Quero antes o lirismo dos loucos
O lirismo dos bêbados
O lirismo difícil e pungente dos bêbados
O lirismo dos clowns de Shakespeare

-Não quero mais saber do lirismo que não é libertação.
Manuel Bandeira escreveu em seu livro LIBERTINAGEM, um grito de libertação. Escreveu um livro com liberdade poética. Libertinagem é um dos maiores exemplos do Modernismo brasileiro, em que a literatura se distancia da poesia parnasiana e simbolista.
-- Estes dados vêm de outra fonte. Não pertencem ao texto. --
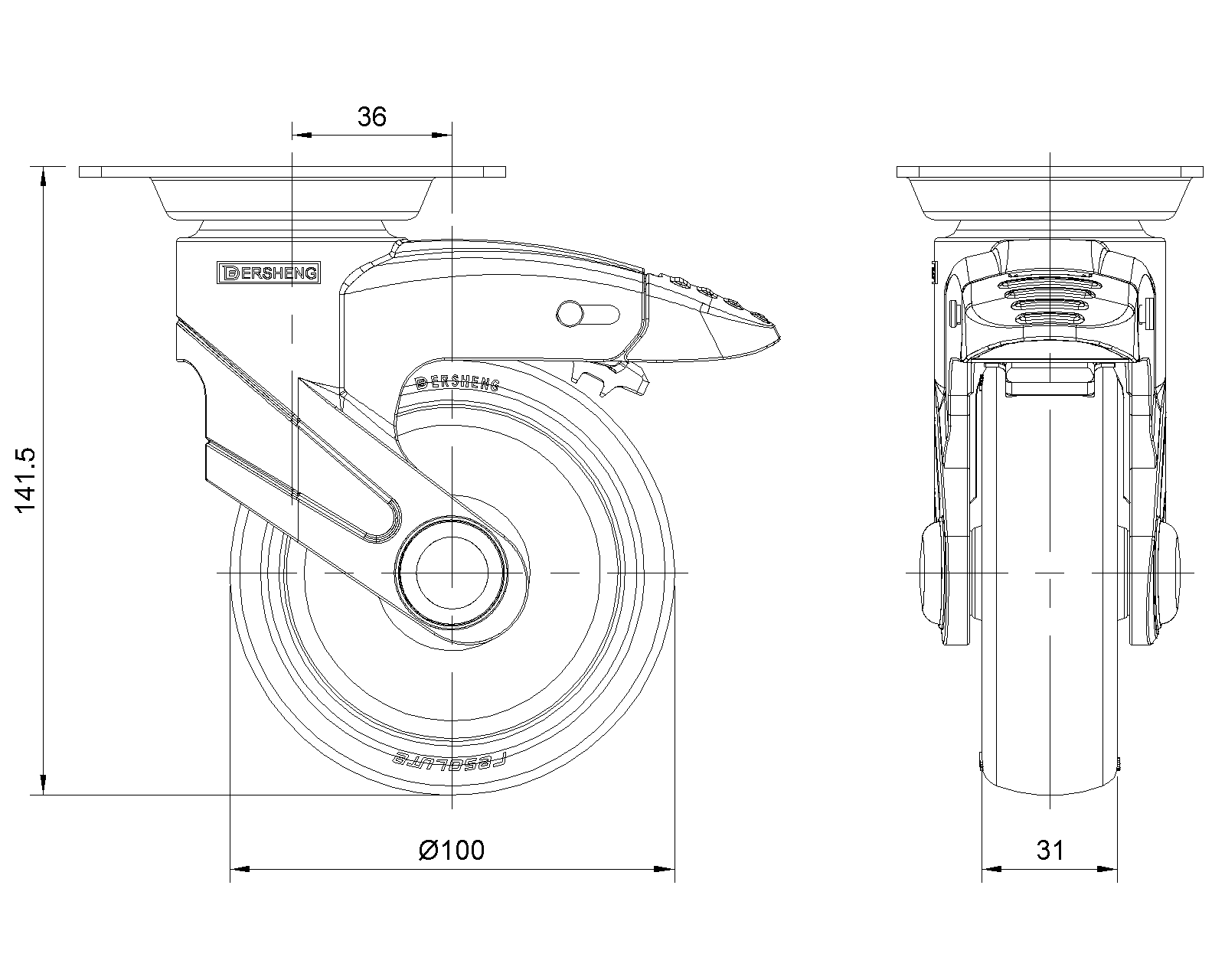 | Cổ điển PPR Bánh xe (đen đen - ống trung bình rộng 37) Đường kính bánh xe × bánh xe rộng 100 x 31mm |
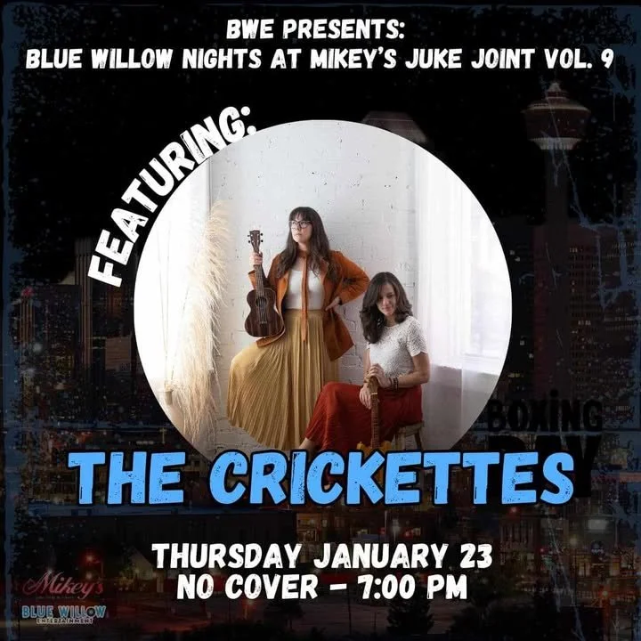 COLD GARDEN PRESENTS: BLUE WILLOW NIGHTS VOL. 9 we welcome THE CRICKETTES! Thursday, January 23, 2025 7:00 p.m. 10:59 p.m. 19:00 22:59 Mikeys juke joint 109 6404 Bowness Road NW Calgary, AB, T3B -0E7 Canada (map) Google Calendar ICS COLD GARDEN PRESENTS: BLUE WILLOW NIGHTS VOL. 9 - we welcome THE CRICKETTES!@ 7:00 PM!!! [NO COVER]
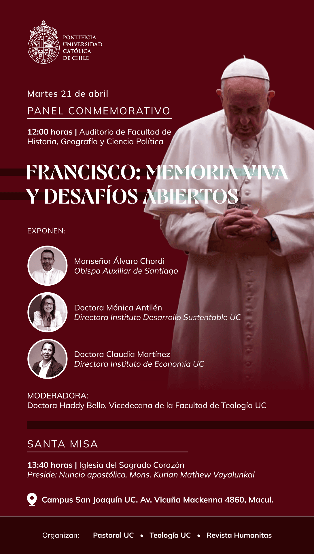 La actividad se realizará el lunes 21 de abril, a las 12:00 horas, en el Auditorio de la Facultad de Historia, Geografía y Ciencia Política, Campus San Joaquín UC. Posteriormente, a las 13:40 horas, se celebrará una Santa Misa en la Iglesia del Sagrado Corazón, abierta a toda la comunidad universitaria.
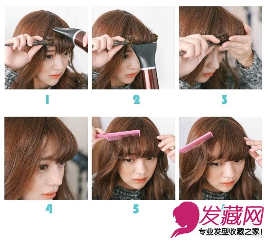 Step 5&6.用齿梳整理。使刘海与其余头发自然融合。
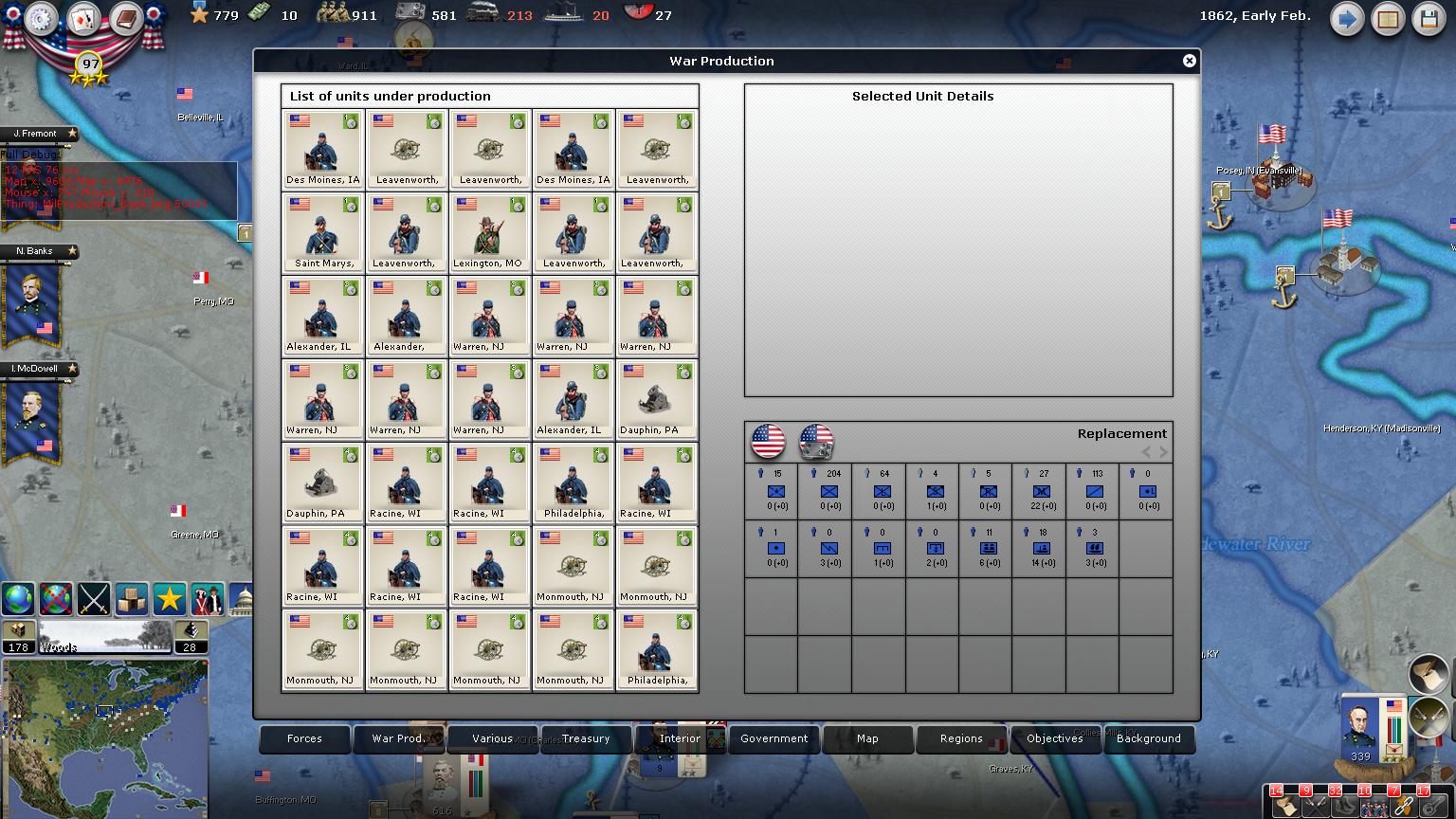 To get the upper-hand in the far West, we will build forces and sweep through New Mexico and into El Paso which is a strategic hold. Tuscon is also a possible city to invade in the near future.
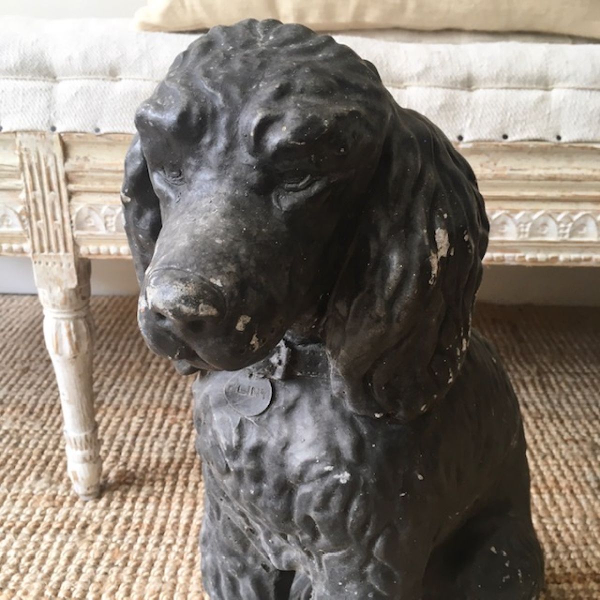 A charming composite concrete model of a poodle in original paint
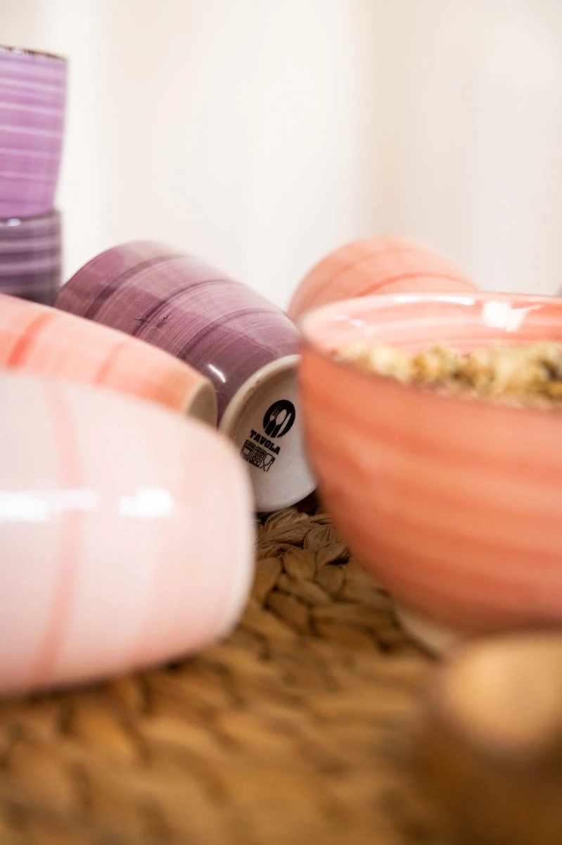 Als je graag rustig servies hebt, maar niet iets wat snel verveeld, dan is deze collectie van Studio Tavola wellicht iets voor jou. Deze espressokopjes komen in zes verschillende kleuren roze, die zorgvuldig zijn uitgezocht, waardoor het toch een geheel blijft. Let wel op: deze kopjes worden gemixt geleverd, er kan dus geen kleur gekozen worden. Combineer de espressokopjes met bijvoorbeeld de dinerborden, diepe borden of kleine kommen van de Mykonos collectie.
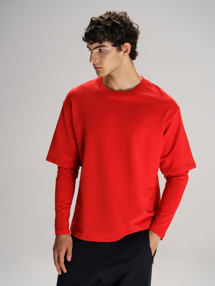 Футболка оверсайз с двойным рукавом Kosmos, красная
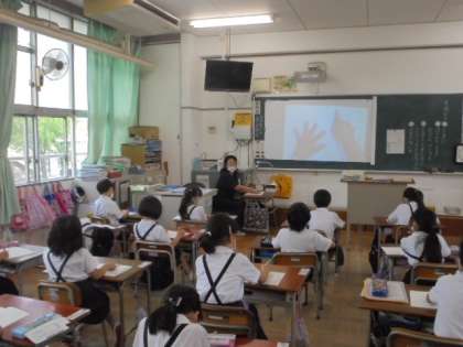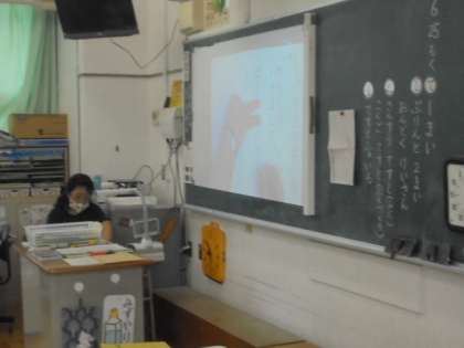 書画カメラでわかりやすく教えています。
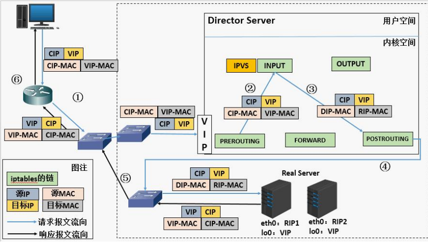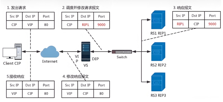 本质是多目标IP的DNAT,通过将请求报文中的目标地址 和目标端口 修改为某挑出的RS的RIP 和PORT实现转发。
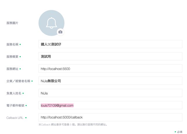 設定的 Callback Url 為 http://YOUR_DOMAIN/callback

Memórias Sentimentais de João Miramar

VELEIRO

A tarde tardava, estendia-se nas cadeiras, ocultava-se no tombadilho quieto, cucava té uma escala de piano acordar o navio.
Madama Rocambola mulatava um maxixe no dancing do mar.
Esquecia-me olhando o céu e a estrela diurna que vinha me contar salgada do banho como estudara num colégio interno. Recordava-me dos noivados dormitórios das primas.
Uma tarde beijei-a na língua.

Oswald de Andrade produz uma obra maravilhosa, com um enredo muito simples no qual o próprio João Miramar relata sua história pessoal em pequenos flashes. A obra em si não tem nada de especial, nenhum acontecimento que chame muita atenção, ou um final feliz com sua amada, mais o que dá o charme a obra é a revolução que Oswald de Andrade fez com a literatura, abusando de muitos recursos lingüísticos e de uma maneira nova de escrever.